Martine et la dimension de la farce,

Martine regardait une vidéo : « ...à un moment dans votre spectacle, de la gnare sort de votre nez et vient faire corps avec un postillon dans une vertigineuse chute au sol. Est-ce que l'on peut considérer ce micro-événement comme un contre-point stylistique au dispositif narratif mis en place dans la mise en scène figée par des costumes en métal ? Cette question est intéressante ... » Cela faisait la nième vidéo de rencontre publics-auteurs que Martine regardait qui démarrait par une question qui apparaissait à Martine comme complétement débile et qui était reçu par un « c'est une question intéressante ». Martine, qui regardait ces vidéos dans le but d'y voir les extraits des spectacles insérés, se demandait si cela était devenu une sorte de nouvelle convention, l'exercice de la rencontre avec les auteurs étant un exercice des plus artificiels, pourquoi ne pas aborder le truc carrément avec une question hyper débile, histoire de ne pas être dupe. Dans les années 90, Martine en avait soupé de ces rencontres entre les publics et les artistes mais à cette époque, les rencontres étaient plutôt présentés comme « avec le public » et les questions émanaient de personnes dans le public. Et systématiquement un type ou une nana expliquait « ne pas avoir les clefs pour comprendre le spectacle » . Jamais à sa connaissance, un chorégraphe n'avait alors sorti un trousseau de clef et dit « voilà les clefs du spectacle ! Si vous voulez, je vous les prête ! » Avec le recul, Martine pensa qu'il devait s'agir d'une sorte de conditionnement psychique : être conditionné à croire qu'il y a besoin de clefs pour ne pas voir qu'il n'y a même pas de porte. Martine se souvenait qu'elle aurait aimé organiser une sorte de « rencontre avec les publics » mystification où les personnes sur scène et des faux publics auraient tous dit des trucs hautement débiles mais habillés dans du charabia savant afin de voir à quel moment du « vrai » public s'énerverait, s'en irait, crierait au scandale,etc.... Une sorte de test de Milgram non par pour tester l'autorité de la science, mais l'autorité de l'art.

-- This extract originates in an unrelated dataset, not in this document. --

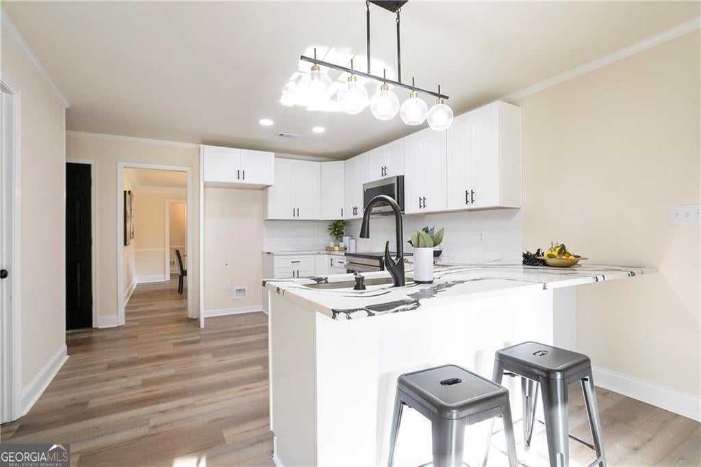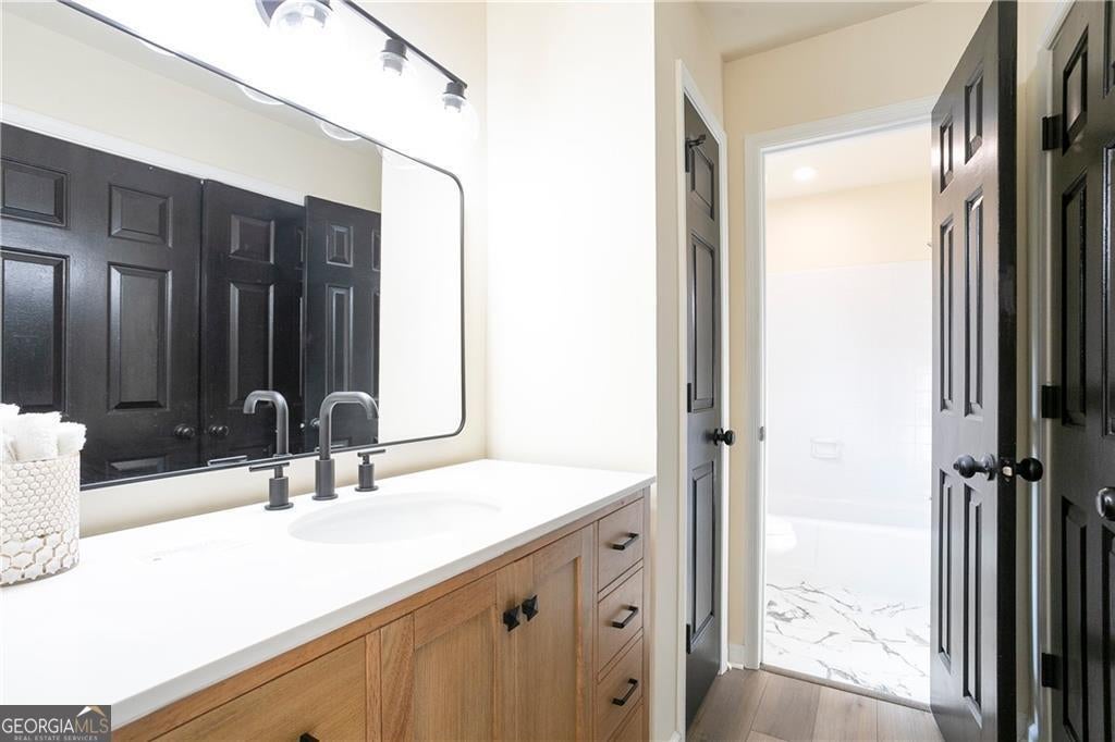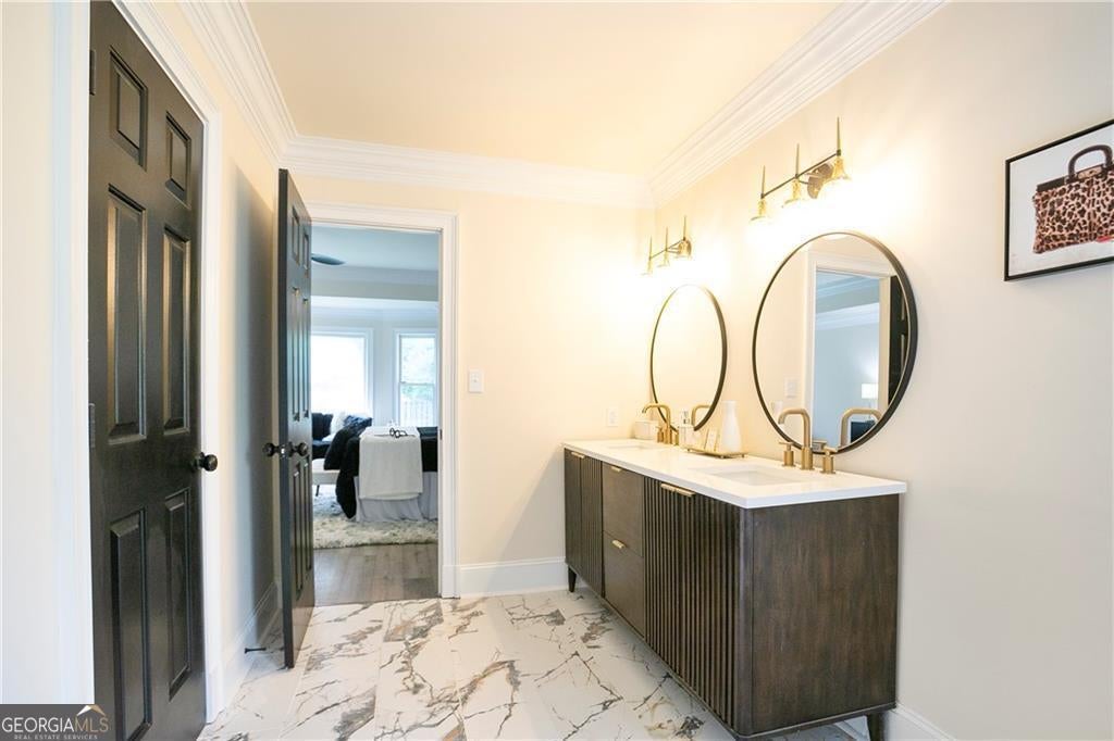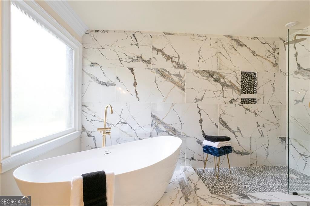 Top-rated Milton High School zone. Minutes to Atlanta, lakes, and golf. This fully renovated Roswell gem is where luxury, layout, and lifestyle come together. From the moment you walk in, you feel it-sunlight everywhere, soaring ceilings, and a layout that just flows. The living and dining areas open to a custom kitchen with an oversized island, sleek stainless appliances, and thoughtful storage. Whether it's weeknight dinners or weekend entertaining, this space works beautifully. On the main floor, you'll find not one, but three spacious bedrooms, including an oversized primary suite with tray ceiling and spa-like bath. Think freestanding soaking tub, frameless glass shower, double vanities, and a dramatic Italian marble accent wall that feels like a boutique hotel. Need more space? The fully finished basement includes a second living area with fireplace, a bedroom and full bath, and a rare boat-door garage-perfect for hobbies, storage, or even a golf simulator setup. Step outside and you're greeted with a private, wooded backyard and large deck-ideal for morning coffee or evening wine under the stars. Located in Saddle Creek, one of Roswell's most desirable swim/tennis communities, this home is zoned for Sweet Apple Elementary, Elkins Pointe Middle, and Milton High School. It's tucked away, but just minutes to shopping, GA-400, downtown Roswell, and some of North Fulton's best golf and outdoor escapes. 5 bedrooms | 4 full bathrooms | Fully renovated and move-in ready. FHA, VA, Conventional and Lease Purchase eligible. If you've been waiting for the right home in the right neighborhood, this is the one. Schedule your private showing today-before someone else does.

Mais, bon cela aurait été en quelque sorte cracher dans la soupe ou caricaturer un peu trop ce qui se faisait déjà sans volonté de faire rire . D'ailleurs à la même époque, Martine était loin de se douter que la farce avait pris des dimensions bien plus gigantiques dans le domaine de l'économie politique : « Je vous crée un indicateur bidon pour agence de notation ou je cherche un concept creux à marteler dans les médias ? » Puis Martine pensa à la farce dont on remplit les dindes. Noël approchait sans pas.